Prions, the cause of mad cow disease and related illnesses, cannot dock easily on the shores of the brain. Like passengers stuck on a large ocean liner in a rocky lagoon, they need a landing vehicle, new research suggests.

Although the chemical nature of prions and the method by which they produce disease remain controversial (SN: 9/24/94, p. 202), a molecule called prion protein (PrP) plays a central role. It exists in several versions, only some of which provoke trouble.

Healthy people carry normal PrP molecules on nerve cells but can acquire deviant ones by ingesting tainted meat. The infectious agent travels to the brain, where it inflicts its hallmark damage--transforming this organ into a hole-ridden sponge.

Although scientists have known that the agents of destruction must spread from the gut to the central nervous system, the details of this journey remained vague. Now researchers have discovered that the infectious material must make several connections. They report that prions; cruise around the body in blood cells, but these vehicles cannot deliver them directly to the brain. Adriano Aguzzi of the University of Zurich and his colleagues describe their work in the Sept. 4 Nature.

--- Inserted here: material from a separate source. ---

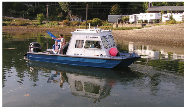
The APL-UW research vessel M/V Mackinaw with ACT and NOAA Pacific Marine Environmental Laboratory staff aboard

NANOOS is pleased to be part of ACT's demonstration project and to facilitate the increased use of pCO 2 sensors for coastal monitoring.

One current hypothesis holds that when a person or animal acquires an altered form of PrP, the misbehaving protein causes even normal PrP molecules to glom on to each other, thereby wreaking havoc in nerve cells. In fact, to succumb to disease, animals must have normal PrP in their cells: Mice engineered to lack these proteins resist infection.

"It's like dominoes," says Aguzzi. "You throw the first one over and they go thk, thk, thk along the surface of nerve cells." Cells that don't contain normal PrP break the link in the infectious chain of events, he says.

To examine that chain, Aguzzi's group in previous work implanted a piece of brain containing normal PrP into the head of a mouse that lacks PrP. Infectious material caused damage to the implanted tissue only when the researchers delivered the agent directly to the brain. When injected into the blood-stream, the altered PrP caused no harm to the grafted tissue.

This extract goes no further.